Six États américains (Idaho, Arkansas, Indiana, Missouri, Dakota du Nord et Oklahoma) ont déjà adopté des lois considérant les bibliothécaires comme des délinquants sexuels potentiels s’ils refusent de retirer certains ouvrages jugés inappropriés des rayons. Actuellement, une dizaine d’autres États envisagent des mesures similaires. Cette dynamique législative laisse craindre une généralisation de ces pratiques, avec des conséquences graves pour les professionnels du secteur, accusés de promouvoir des idéologies dangereuses pour la jeunesse.

PEN America, une organisation engagée pour la défense de la liberté d’expression, dénonce les implications de cette législation. En qualifiant des contenus éducatifs et des représentations de minorités sexuelles et de genre de « pornographiques », le Projet 2025 contribue à créer un climat de suspicion et de peur, qui pourrait dissuader de nombreux éducateurs et bibliothécaires d’inclure des livres représentatifs de la diversité contemporaine dans leurs collections.

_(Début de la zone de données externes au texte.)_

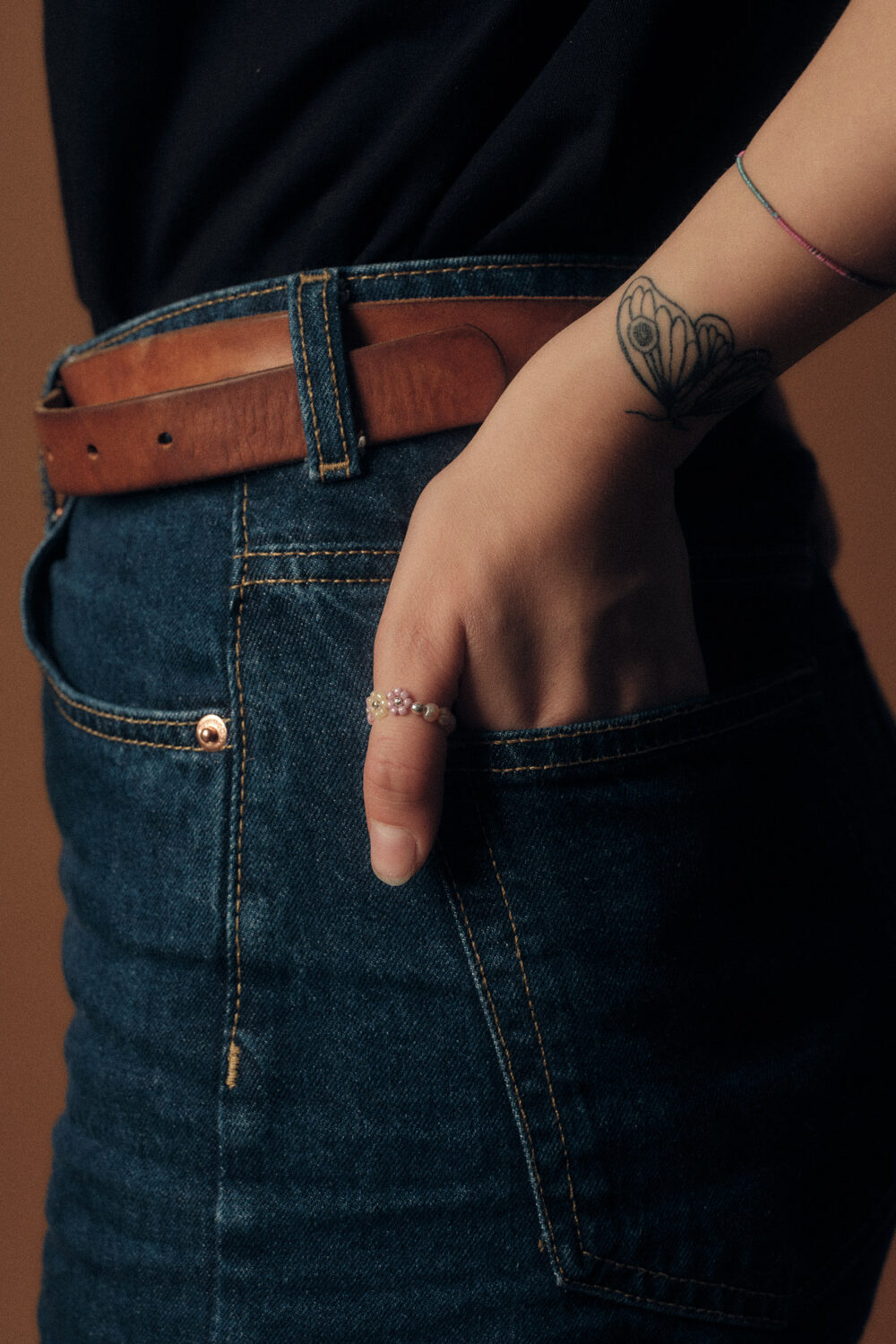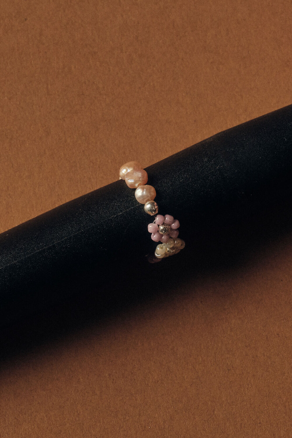 Elastischer Ring mit lilafarbenen und weissen Perlblumen und rosafarbenen Süsswasserperlen.

Une menace pour la diversité littéraire et la liberté d’expression dans les bibliothèques américaines

La mise en œuvre du Projet 2025, si elle venait à voir le jour, pourrait bouleverser le paysage littéraire et éducatif américain, élevant des barrières significatives contre la diversité des points de vue et la représentation des minorités. Des œuvres populaires comme Twilight, Hunger Games, ou La Servante écarlate, qui explorent des questions de liberté, de justice et d’identité, pourraient se retrouver dans le collimateur des législateurs. 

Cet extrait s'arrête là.